The Spectrin-Actin-Based Periodic Cytoskeleton as a Conserved Nanoscale Scaffold and Ruler of the Neural Stem Cell Lineage.

Through three-dimensional STORM super-resolution microscopy, we resolve the spectrin-actin-based membrane cytoskeleton of neural stem cells (NSCs) and NSC-derived neurons, astrocytes, and oligodendrocytes. We show that undifferentiated NSCs are capable of forming patches of locally periodic, one-dimensional (1D) membrane cytoskeleton with ∼180 nm periodicity.
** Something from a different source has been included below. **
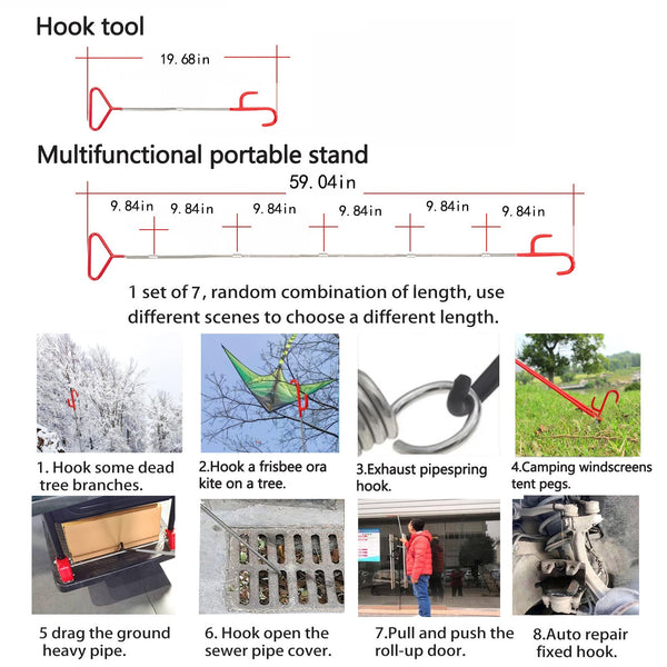 2. Long Distance hooks - Our hooks are made of solid 303 stainless steel and the connection nuts are made of non-slip inserts that can be easily removed with a wrench. Strong structure, anti-oxidation, not easy to bend. Precision thread for seamless connection between connecting rods. It consists of 7 parts -9.84" (~25cm) handle rod, 9.84" (~25cm) double U hook, 9.84" (~25cm) hook rod and 4 9.84" (~25cm) extension rod, which can reach 59.04" (~150cm) when assembled. It can be assembled into 3 sizes according to different needs. 1. Anti-slip soft rubber handle protection and groove design, easy to assemble and disassemble, lengthening the hook rubber position, no need to worry about damage to the car paint.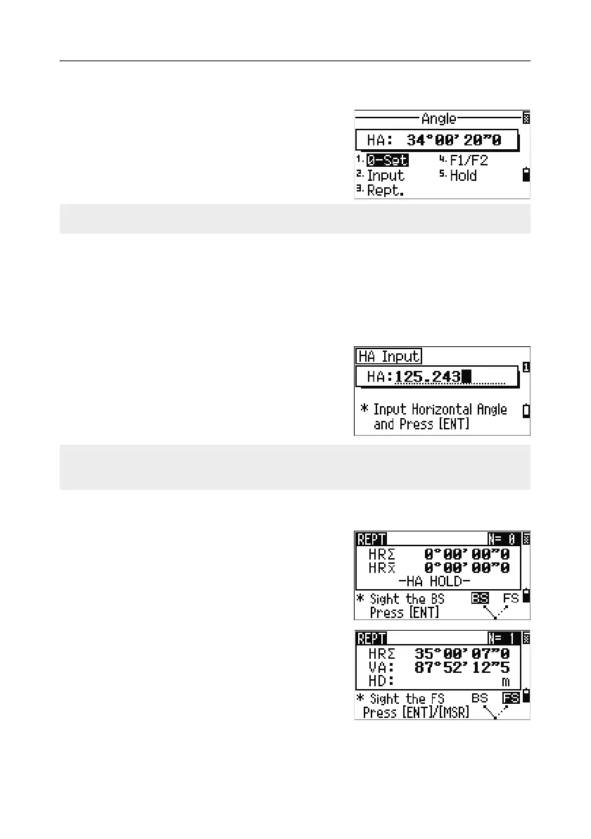 To reset the horizontal angle to 0, press [1] or select 0-Set in the Angle menu. The

Such periodic structures become increasingly ordered and long-ranging as the NSCs mature into terminally differentiated neuronal and glial cell types, and, during this process, distinct 1D periodic "strips" dominate the flat 2D membranes. Moreover, we report remarkable alignment of the periodic cytoskeletons between abutting cells at axon-axon and axon-oligodendrocyte contacts and identify two adhesion molecules, neurofascin and L1CAM, as candidates to drive this nanoscale alignment. We thus show that a conserved 1D periodic membrane cytoskeletal motif serves as a nanoscale scaffold and ruler to mediate the physical interactions between cell types of the NSC lineage.